There is no clear evidence on which type of DES should be used to treat ISR of a DES. Some experts argue that using a different type of DES helps to overcome drug resistance, but no strong data support this practice. A recently published network meta-analysis addressed the question of which strategy is preferred for the treatment of ISR, with the primary outcome defined as the percent diameter stenosis at angiographic follow-up[73]. This analysis suggested that PCI with second-generation DES (EES) was the most effective treatment, whereas percutaneous coronary intervention with DEB was ranked as the second most effective treatment but without significant differences from first-generation DES. Two additional similar design meta-analyses have reported similar findings suggesting second generation DES as treatment of choice for BMS and DES-ISR[74,75]. As a result, the 2009 update of the American College of Cardiology/American Heart Association/Society for Cardiovascular Angiography and Interventions guideline update for PCI and the 2005 European Society of Cardiology Task Force recommend DES for ISR whether the initial stent was BMS or DES[76-78].

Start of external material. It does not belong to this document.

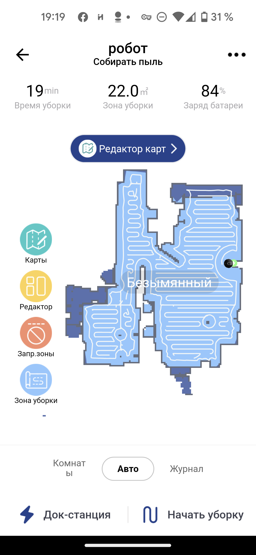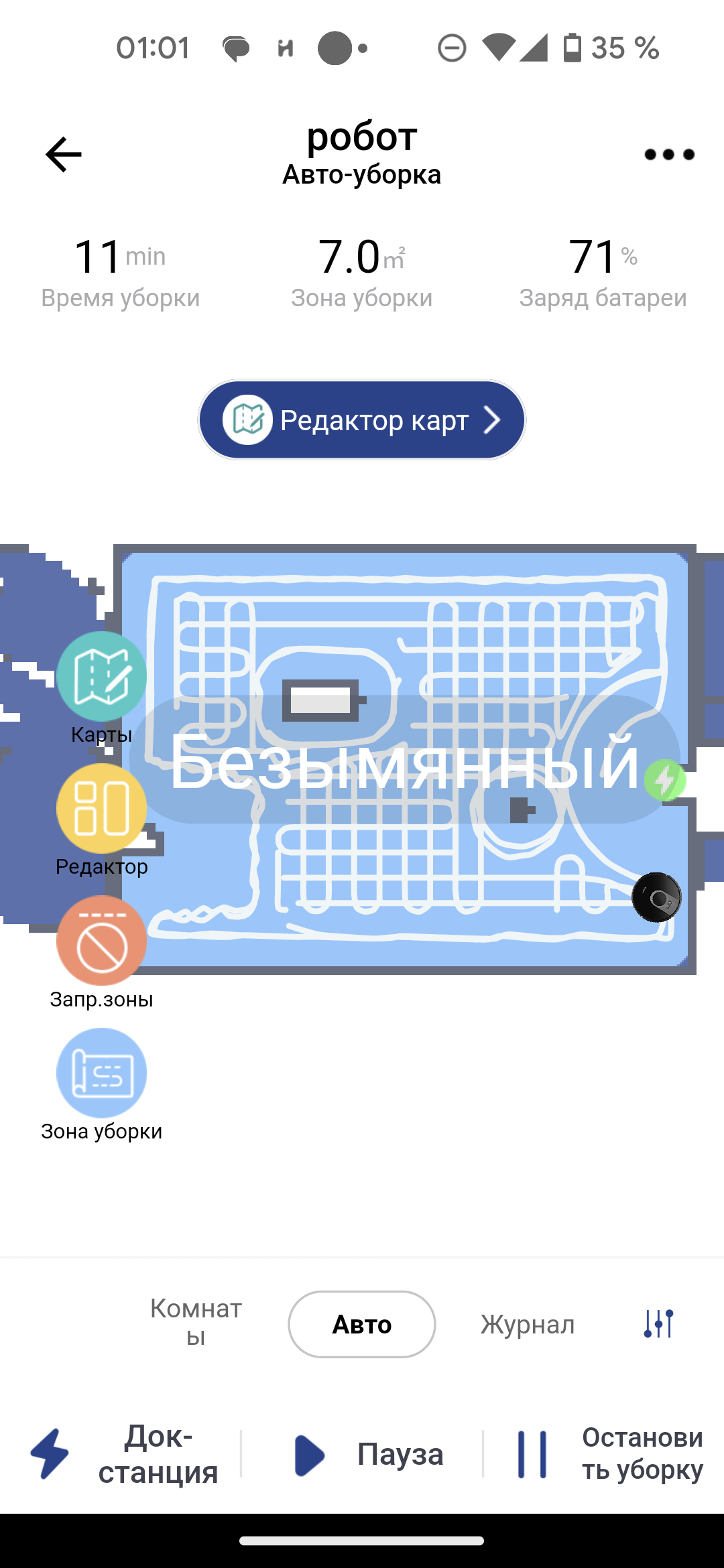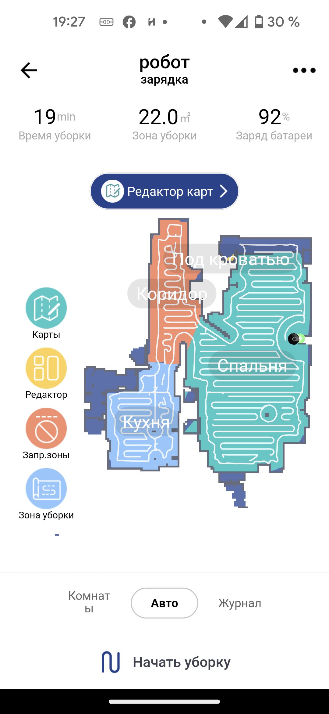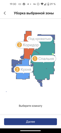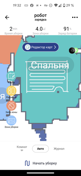 После первой уборки в автоматическом режиме на экране появляется карта помещения. Приложение само разбивает его на комнаты, раскрашивая их в разные цвета. Если такая разметка оказалась неточной, это можно исправить с помощью инструмента «редактор»

A recently published pooled analysis of the RIBS V and RIBS IV compared the efficacy of EES in patients with BMS-ISR and DES-ISR[79-82]. The study detected clinical and morphological differences of ISR in BMS vs DES, including for the later more focal ISR pattern and delayed onset of presentation. Nevertheless, the outcome of the patients with DES restenosis was less favorable with regard to the angiographic indices, including lumen diameter post procedure and at follow-up. DES-ISR group treated with EES had both increased mortality and need for target vessel revascularization as compared with BMS-ISR group at one year follow up. The authors conclude that EES provides favorable outcomes in patients with ISR and that the results of EES are less satisfactory in patients with DES-ISR than in those with BMS-ISR.

CONCLUSION

In-stent restenosis remains a prevailing clinical problem. The substrate of ISR includes a pathological spectrum ranging from smooth muscle cell proliferation to neoatherosclerosis. Optimal stent deployment, utilization of imaging-guided implantation by IVUS or OCT, adequate coverage of the lesion, verifying stent expansion and apposition to the vessel wall and minimal use of BMS are considered the main strategies to decrease ISR. Based on the currently available literature, the use of BMS should be minimal in clinical practice and replaced with second generation DES. For patients presenting with first ISR, vascular brachytherapy should be considered in patients with focal ISR, or high bleeding risk or requiring DAPT interruption. 2nd generation DES should be a second line therapy to avoid adding an extra layer of metal to treat DES. For patients presenting with recurrent ISR, second generation DES have better long-term outcomes specially if combined with DEB. DEB should be used as first line therapy for bifurcation restenosis to prevent excess metal at the carina.